The Mudcat Café TM
Thread #86414   Message #1607924
Posted By: Malcolm Douglas
18-Nov-05 - 03:53 AM
Thread Name: Steve Roud Index Now Online
Subject: RE: Steve Roud Index Now Online
Opera, oddly enough, is actually the only browser of the six I use that displays the page correctly for me; the test site worked rather better. EFDSS will announce the new site when it's ready. Presumably there has been no announcement yet because it isn't.

The EFDSS website saga is a long one; thankfully the main site has now been re-designed by Bryan Ledgard, and other peoples' earlier versions are now just embarrassing memories. In addition to the main site and the nearly-ready VWML site, there is an online shop put together by Johnny Adams, a site for the Folk Music Journal put together by me, and one for English Dance and Song (I'm not sure who did that one).

http://www.efdss.org/
http://folkshop.efdss.org/
http://www.fmj.efdss.org/
http://eds.efdss.org/

The visual styles vary rather, as there wasn't much co-ordination in the respective planning stages. The VWML site is actually the oldest surviving design (it's been in beta for quite a while), followed by FMJ, which went live a year ago. I felt obliged, at the time, to reflect at least the better aspects of the then-current EFDSS style. Whether we'll need to adapt a bit more to the new house style I don't yet know.

When the online version of Roud works properly (and it does just seem to be a display issue: there is rather a lot of background scripting, so plenty of opportunities for things to go wrong) a lot of people will find it very useful, and it is an important move forward on which everyone involved should be congratulated. Ignore the "Google search" option for now, though, as it isn't finished and will currently return a couple of million hits for most enquiries.

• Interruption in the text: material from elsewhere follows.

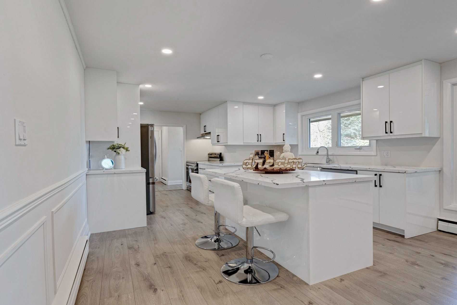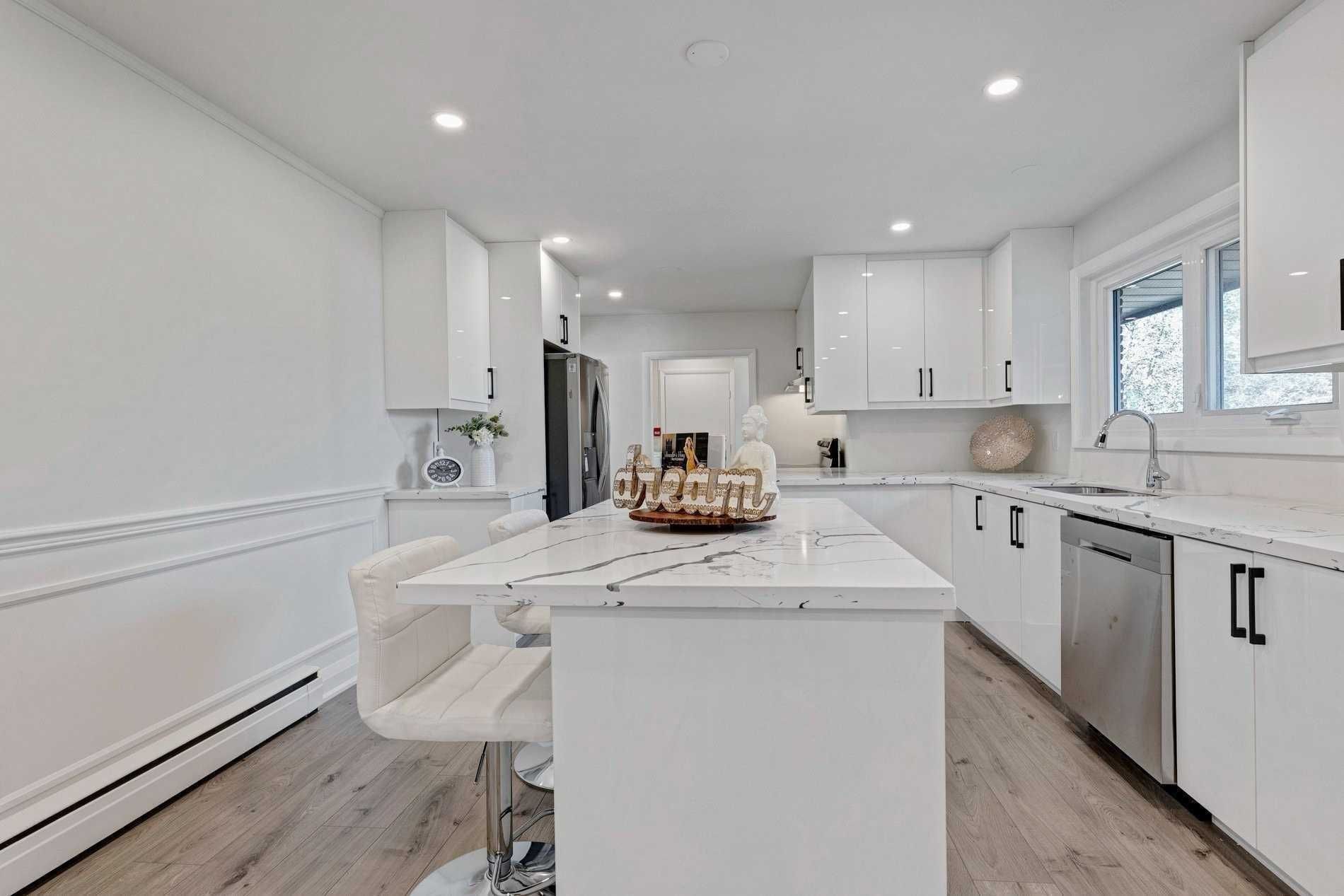 Wow!! Come Check This One!! Upper Level Only!! Upgraded Corner Lot Detached With Lot Of Natural Light!! This Beautiful Gem Welcome You With Huge Living Room With Picture Window/Stoned Gas Fireplace/Por Lights, Nice Size Dinning Room, New Chef's Dream Kitchen With Granite Counter Tops/ Stainless Steels Appliances/ Centre Island Open To Family Room With Second Fireplace To Enjoy With Your Family, Master Bedroom With Closet/2Pc Bathroom, Other 2 Bedrooms Are Good Size As Well, Huge Back With Deck And Covered Area. Perfect For Boat House, Double Driveway With Ample Parking.Brand New Stainless Steels Appliances Includes Fridge, Flat Stove, Rangehood, Built In Dishwasher, White Washer And Dryer. Perfect For Large Family. Close To Public Transit, Via Rail Station, Public School, Ymca & Much More.

Anybody who is really serious about the subject, though, would do well to subscribe individually to Steve Roud's folksong and broadside indexes; it's a one-off payment and you get your own copies, updated annually, formatted for various database programs and with all sorts of additional materials. More flexible and faster to use; I've found it absolutely invaluable.

It's the single most important finding aid for traditional song ever produced; that said, it's in the process of revision, with a team of people working on master-titles, a thesaurus of keywords, synopses and so on. That's a mammoth task and will take time, but it will advance traditional song studies incalculably.